Estamos viviendo una verdadera revolución, la “uberización” de la economía o “economía colaborativa”, caracterizada por miles de plataformas electrónicas de intercambio de productos y servicios que crecen a una velocidad impresionante.

Tomo el nombre de Uber para analizar este fenómeno, una red mundial de transporte que se basa en una aplicación móvil para ofrecer sus servicios. Nació en San Francisco, California, en Estados Unidos en 2010. Actualmente opera en 63 países (pronto en Hermosillo). En 2015 brindó 150 millones de servicios alrededor del mundo. La empresa está valuada en 50,000 millones de dólares.

Este es el lado empresarial de la economía colaborativa que genera enormes ganancias para emprendedores privados, pero hay otra faceta social, fuertemente filantrópica, que vale la pena resaltar.

Es el caso de M-Pesa, una aplicación de telefonía móvil que tiene más de 14 millones de usuarios en Kenia, África, la región más pobre del mundo, y que le permite a personas tradicionalmente excluidas de los servicios financieros, enviar y recibir dinero y retirar efectivo de cajeros automáticos, además de entrar en contacto con microfinancieras para obtener un crédito. Es el caso también de Shareyourmeal, una plataforma holandesa dedicada a compartir comida que empezó como un grupo de WhatsApp y que hoy cuenta con más de 100,000 miembros. Y como estos ejemplos, muchos más.

La economía colaborativa plantea una revolución vinculada a las nuevas tecnologías y al surgimiento de una filosofía generada por la crisis y su impacto social: compartir en vez de poseer, reducir radicalmente las diferencias de ingresos, democratizar la economía y crear una sociedad más equitativa y sostenible. Un experto en el tema, el economista y sociólogo Jeremy Rifkin, afirma que la revolución tecnológica, sumada a la colosal productividad del capitalismo del siglo XXI, permite que la información, la educación y muchísimos bienes y servicios antes sometidos a las fuerzas del mercado puedan ser casi gratuitos.

Rachel Botsman, profesora de la Universidad de Oxford, pionera del movimiento por el consumo y la economía colaborativa, y autora del libro What’s Mine Is Yours (Lo mío es tuyo), plantea el cambio que este fenómeno provoca en el sector educativo. “Las universidades –cuenta Botsman– son creaciones de la Edad Media. Había que asistir a sus cursos en persona para poder conseguir un diploma. Se convirtieron en pozos de sabiduría, pero también en cotos restringidos. Pero hoy, gracias a las nuevas tecnologías, podemos aprender casi cualquier cosa de cualquier persona”.

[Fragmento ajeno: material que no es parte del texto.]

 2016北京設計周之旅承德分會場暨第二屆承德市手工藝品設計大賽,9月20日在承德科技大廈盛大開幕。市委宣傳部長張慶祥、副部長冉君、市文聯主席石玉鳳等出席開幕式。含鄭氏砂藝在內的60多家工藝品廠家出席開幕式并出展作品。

Un ejemplo para el caso de México es el proyecto que instrumentan la Fundación Carlos Slim y Coursera –la plataforma líder de acceso masivo a cursos superiores en línea– que le permite a millones de personas que hablan español tener acceso a estudios superiores de clase mundial, proporcionándoles herramientas que les permitirán contar con más y mejores oportunidades de empleo.

Hay un enorme potencial para utilizar los esquemas colaborativos en México que podrían ayudarnos a fortalecer la cultura del voluntariado y las redes de solidaridad de ciudadanos con otros ciudadanos.

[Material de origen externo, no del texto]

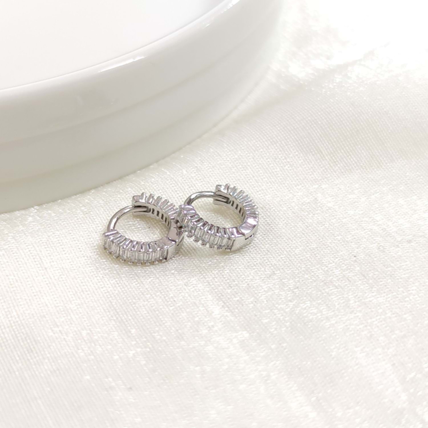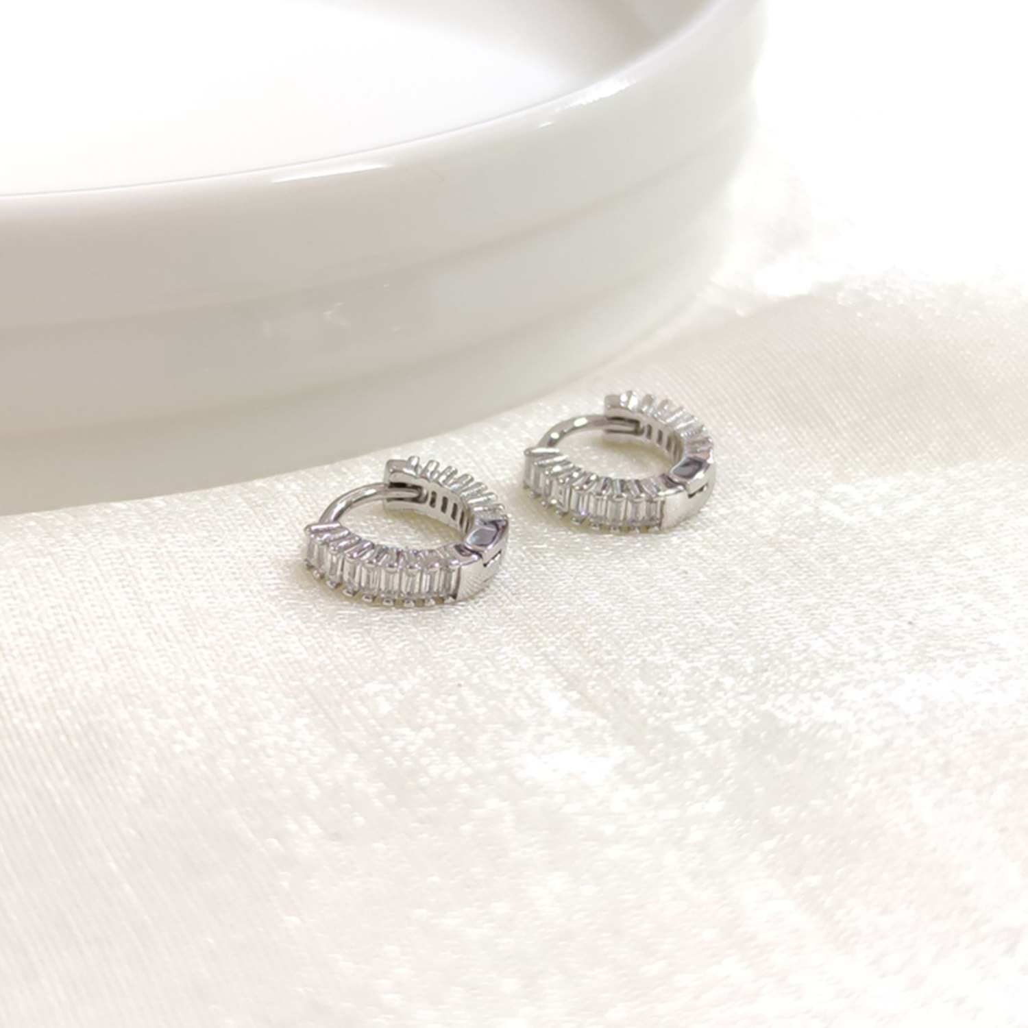 İTHAL 8 MM BAGET TAŞLI GÜMÜŞ HALKA KÜPE

Pienso en plataformas tecnológicas para que los buenos maestros puedan ofrecer su apoyo a alumnos que requieren de acompañamiento para mejorar su aprendizaje; para que la capacidad ociosa de transporte de los gobiernos locales se pueda poner al servicio de los Bancos de Alimentos con objeto de recuperar y distribuir; para que jóvenes universitarios ofrezcan servicios de educación y salud, proyectos de vivienda popular, atención a grupos vulnerables: niños de la calle, mujeres víctimas de violencia, migrantes, jornaleros, adultos mayores.

La economía colaborativa ofrece un campo abierto para desarrollar negocios económicamente muy rentables, ahí está el caso de Uber, de Airbnb, pero también para trasladar talento, conocimientos, bienes, de quienes mucho poseen a quienes nada tienen.

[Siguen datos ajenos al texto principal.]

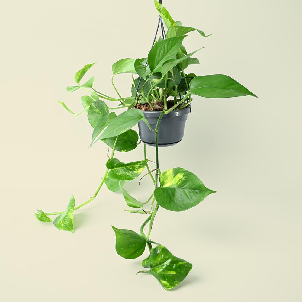 Let your greenery cascade in style with the Epipremnum aureum, also known as the Golden Pothos, in its perfect hanging form! This easy-to-care-for vine boasts beautiful, heart-shaped leaves with irregular cream and yellow variegation. The trailing foliage spills out of hanging baskets or pots on high shelves, adding a touch of lushness and life to any space.

Dice el pensador argentino Horacio Reggini que “es un deber imperioso de la tecnología construir una sociedad justa y plural que permita alcanzar una vida más plena, menos fragmentada, verdadero fin al que toda acción humana debería aspirar”. Tecnología al servicio de la gente, tecnología para construir una prosperidad compartida. Creo que debemos aspirar a ello.